I appologize in advance if this was already covered elsewhere on the site....I looked for the solution, but couldn't find it. I am very new to the forum and it seems I only have permission to post on a couple of areas. How do I get permission to post on other areas such as the general handgun forum? Once agian, I'm sorry if this was covered elsewhere. I'm axious to get involved in some discussions!!!!


----------



## js (Jun 29, 2006)

gator2thdoc said:


> I appologize in advance if this was already covered elsewhere on the site....I looked for the solution, but couldn't find it. I am very new to the forum and it seems I only have permission to post on a couple of areas. How do I get permission to post on other areas such as the general handgun forum? Once agian, I'm sorry if this was covered elsewhere. I'm axious to get involved in some discussions!!!!
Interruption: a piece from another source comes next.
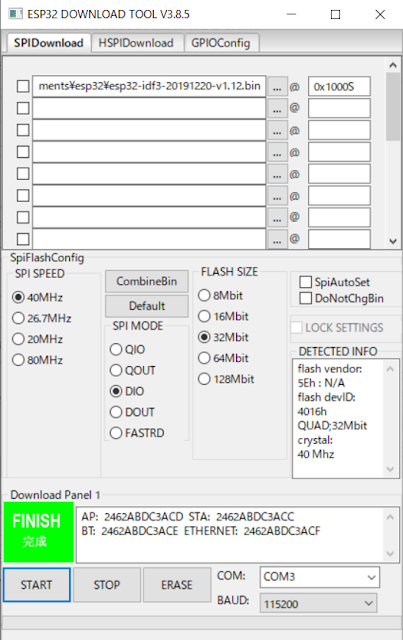 esptool --chip esp32 --port COM3 write_flash -z 0x1000 esp32-idf3-20191220-v1.12.binすんなり書き込みが終わりました。

by completing the last step of the registration process.... You have to confirm the registration via a sent e-mail that was sent to you... you didn't do that.


----------



## ajlandis (May 11, 2008)

*What to do next?*



js said:


> by completing the last step of the registration process.... You have to confirm the registration via a sent e-mail that was sent to you... you didn't do that.


I must have made the same mistake. Looking through my e-mail account turned up no such message. Must have been deleted by my wife or myself long ago. What steps need to be taken to complete registration in this case?


----------



## bruce333 (Sep 1, 2006)

ajlandis said:


> What steps need to be taken to complete registration in this case?


?? Don't know. Moderators can't do anything about it. I've got a message in to the Admin (js) about it. Have to wait for him to get back about it.


----------